We can confirm with the following query that a single node is created on the output with both labels if a person is both an Actor and a Director of some films:

```
MATCH (n)
WHERE n:Actor and n:Director
RETURN n
```

This query should return the following output:
```
╒══════════════════════════════════════════════════════════════════════╕
│n                                                                     │
╞══════════════════════════════════════════════════════════════════════╡
│(:Actor:Director:_dummy {born: 1967,name: "James Marshall",_id: "(4:7f│
│732a8b-14ba-4846-8477-f326f7a1b5d0:2469)"})                           │
├──────────────────────────────────────────────────────────────────────┤
│(:Actor:Director:_dummy {born: 1956,name: "Tom Hanks",_id: "(4:7f732a8│
│b-14ba-4846-8477-f326f7a1b5d0:2515)"})                                │
├──────────────────────────────────────────────────────────────────────┤
│(:Actor:Director:_dummy {born: 1930,name: "Clint Eastwood",_id: "(4:7f│
│732a8b-14ba-4846-8477-f326f7a1b5d0:2543)"})                           │
├──────────────────────────────────────────────────────────────────────┤
│(:Actor:Director:_dummy {born: 1944,name: "Danny DeVito",_id: "(4:7f73│
│2a8b-14ba-4846-8477-f326f7a1b5d0:2586)"})                             │
├──────────────────────────────────────────────────────────────────────┤
│(:Actor:Director:_dummy {born: 1942,name: "Werner Herzog",_id: "(4:7f7│
│32a8b-14ba-4846-8477-f326f7a1b5d0:2503)"})                            │
└──────────────────────────────────────────────────────────────────────┘
```

This is indeed the desired behavior to be able to define the content of new elements accross multiple independent rules.

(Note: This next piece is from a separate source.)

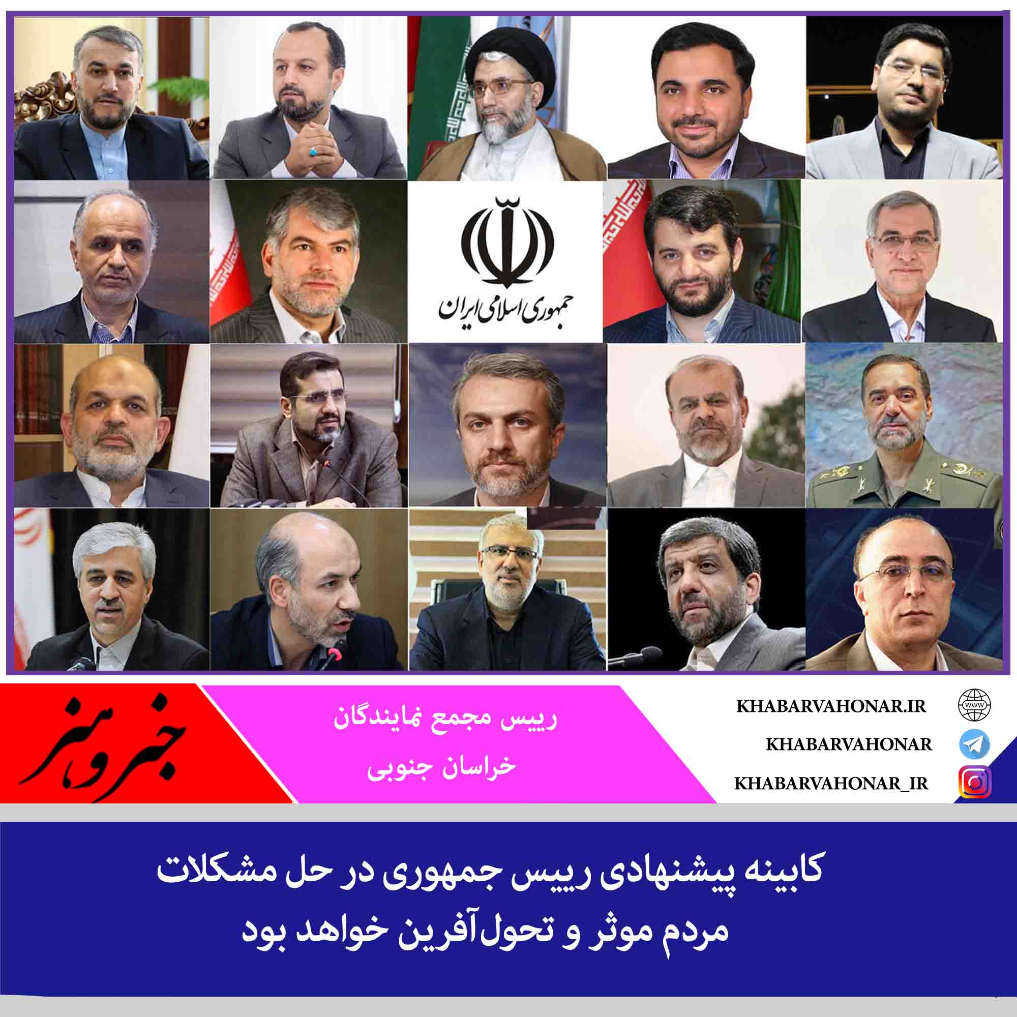 رییس مجمع نمایندگان خراسان جنوبی در مجلس شورای اسلامی گفت: کابینه پیشنهادی رییس جمهوری در حل مشکلات مردم موثر و تحولآفرین خواهد بود.

Finally, `.eject()` removes the internal bookeeping data and let the output of the transformation alongside of the initial data.

In [9]:
my_transform.eject()

Index: Removed 1 index, completed after 4 ms.
Eject: Removed 125 labels, erased 709 properties, completed after 1038 ms.


Note that the index has been removed from the database.